朝、子どもを目の端で見守りながら家事をしていました。
いつも布巾を干している場所があり、我が子は興味津々で手を伸ばして遊んでいます。
すると突然、「カラン」と金属が落ちる音が。
見ると、布巾を留めていた金属クリップが床に落ちていました。
「手が届くようになったんだな。これはもう、この場所には干せないな」
そう思い、すぐにクリップを拾いました。
ところが、少しして妻が片付けようとした時、クリップに使われていた丸い金属部品が1つなくなっていることに気付きました。
一気に血の気が引きました。
周囲を探しても見つからず、机の下も確認しましたがありません。
「まさか、誤飲した……?」
慌てて我が子の様子を確認しましたが、普段と変わった様子はありません。
クリップが落ちた瞬間にすぐ拾っていたので、握って飲み込む時間はなかったと思いました。それでも、部品が見つからない限り、誤飲の可能性は否定できません。
夫婦で必死に探し続けること約10分。
ようやくプレイマットの下まで跳ね飛んでいた部品を見つけることができました。
本当に安心しました。
今回改めて思ったのは、「誤飲する物を置かない」だけでは十分ではないということです。
まさか、全体重を使って物を壊し、小さな部品が外れるなんて想像していませんでした。
子どもは、本当に親の想像を超えてきます。
今回の出来事をきっかけに、妻とも「もっと環境を見直そう」と話し合いました。
人はどれだけ気を付けていても、ヒューマンエラーをゼロにはできません。
だからこそ大切なのは、ミスをしないことではなく、ミスをしても事故につながらない環境を作ること。

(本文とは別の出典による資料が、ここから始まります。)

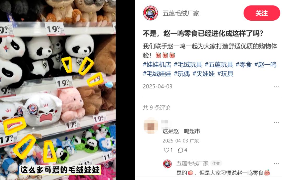 此外,还有部分较大的赵一鸣门店上线了一些价格在10-20元之间的毛绒玩具。在桑尼森迪冲刺IPO后,不少代工厂都看到了借由量贩零售渠道打造爆品,从“白牌”转型潮玩的机会,“与赵一鸣合作”成为了它们品牌化转型的最好标签。
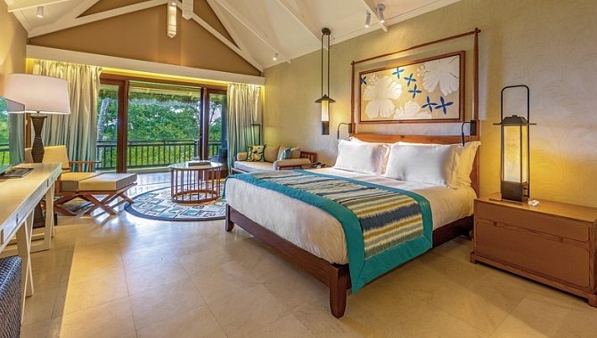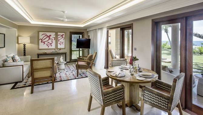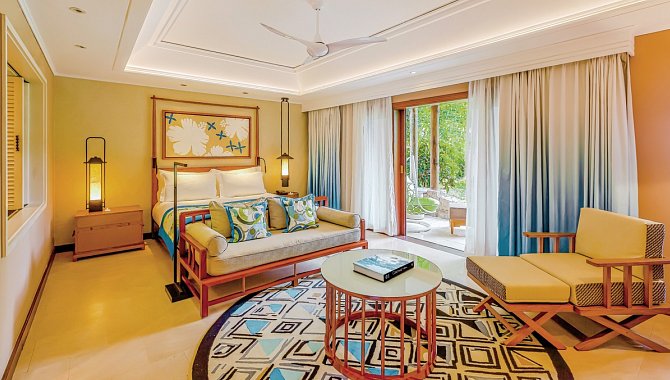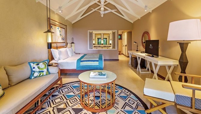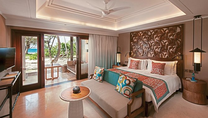 Die 96 Suiten in 2-stöckigen Gebäuden und 8 ebenerdige Pool Villen befinden sich entlang zweier Strände inmitten tropischen Grüns, wenige Meter vom Strand entfernt. Mit Bad, Badewanne, sep. Dusche, Föhn, Bademantel, Satelliten-TV (Flachbildschirm), Telefon, Apple Mac Mini Entertainmentsystem inkl. iPod-Verbindung, WLAN, Ventilator, Klimaanlage, Minibar, Kaffee-/Teezubereiter, Nespresso-Maschine, Safe, Balkon oder Terrasse. Meerseite.

今回のように事故につながらなかったのは本当に幸運でした。
この経験を無駄にしないためにも、私たちは「7〜8か月という今の時期には、他にどんな危険が潜んでいるのだろう?」と改めて調べてみることにしました。
すると、驚いたことに、この時期は誤飲だけでなく、転落ややけど、溺水、指はさみ、家具の転倒など、家庭内で起こりやすい事故が一気に増える時期だということが分かりました。
その理由はとてもシンプルです。
赤ちゃんは昨日までできなかったことが、今日は突然できるようになるからです。
ハイハイで思わぬ場所まで移動したり、おすわりが安定して両手が自由になったり、指先で小さな物をつまめるようになったり。
親からすると「まだそこまではできないだろう」と思っていることを、子どもはあっさりと超えてきます。
実際、今回も私たちは「飲み込める物は置いていない」と思っていました。
しかし、子どもはクリップを壊し、「飲み込める物」を自分で作り出してしまいました。
これは正直、想像もしていませんでした。
だからこそ、事故を防ぐためには「危険な物を片付ける」だけでは足りず、「もし壊れたらどうなるか」「もし引っ張ったらどうなるか」と、一歩先まで想像して環境を整えることが大切なのだと感じています。
もちろん、人はどれだけ注意していてもミスをします。
育児中ならなおさらです。
寝不足の日もあれば、家事に追われる日もあります。
だから私は、「ミスをしないこと」を目指すのではなく、「ミスをしても事故につながらない環境」を作ることが、本当の事故予防なのではないかと思うようになりました。
今回の経験をきっかけに、わが家でも家の中をもう一度見直し、「ここは本当に安全だろうか?」という視点で一つひとつ確認していこうと思っています。
そして次回の記事では、消費者庁や厚生労働省、日本小児科学会などの公的機関・専門機関の情報や研究結果を参考にしながら、7〜8か月の赤ちゃんに本当に気を付けたいことを、新米パパ・ママにも分かりやすくまとめたいと思います。
「うちは大丈夫」と思っていた私たちだからこそ伝えられることがあると思っています。
今回の経験が、皆さんのお子さんの事故を一つでも防ぐきっかけになれば、とてもうれしいです。